■ BRIEF
The expected response is the complete listing below, restated exactly, with its pictures omitted.

[DATASET EXCERPT]

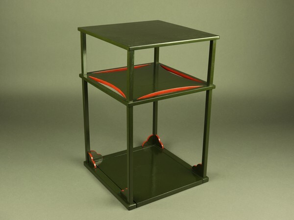 - 【宇】3502 青漆 糸巻棚 組立式 紙箱 茶道具
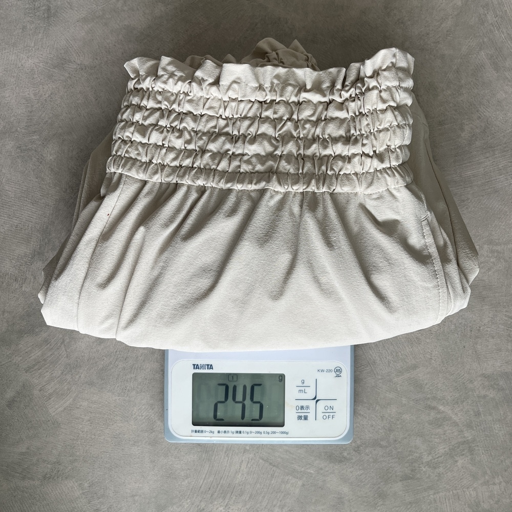 雨の日は白っぽいパンツだと汚れが気になることもありますが、これも撥水加工のおかげで安心。
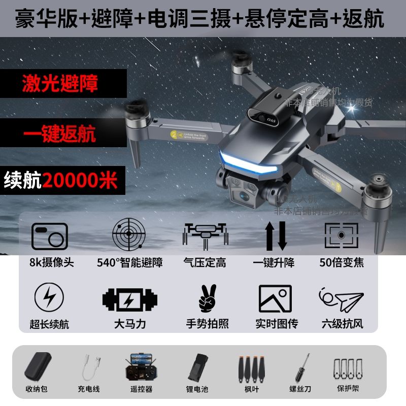 自动避障无刷无人机8K高清航拍折叠遥控飞机男女孩儿童玩具飞行器

[/DATASET EXCERPT]

■ EXERCISE OUTPUT
 - 【宇】3502 青漆 糸巻棚 組立式 紙箱 茶道具
 雨の日は白っぽいパンツだと汚れが気になることもありますが、これも撥水加工のおかげで安心。
 自动避障无刷无人机8K高清航拍折叠遥控飞机男女孩儿童玩具飞行器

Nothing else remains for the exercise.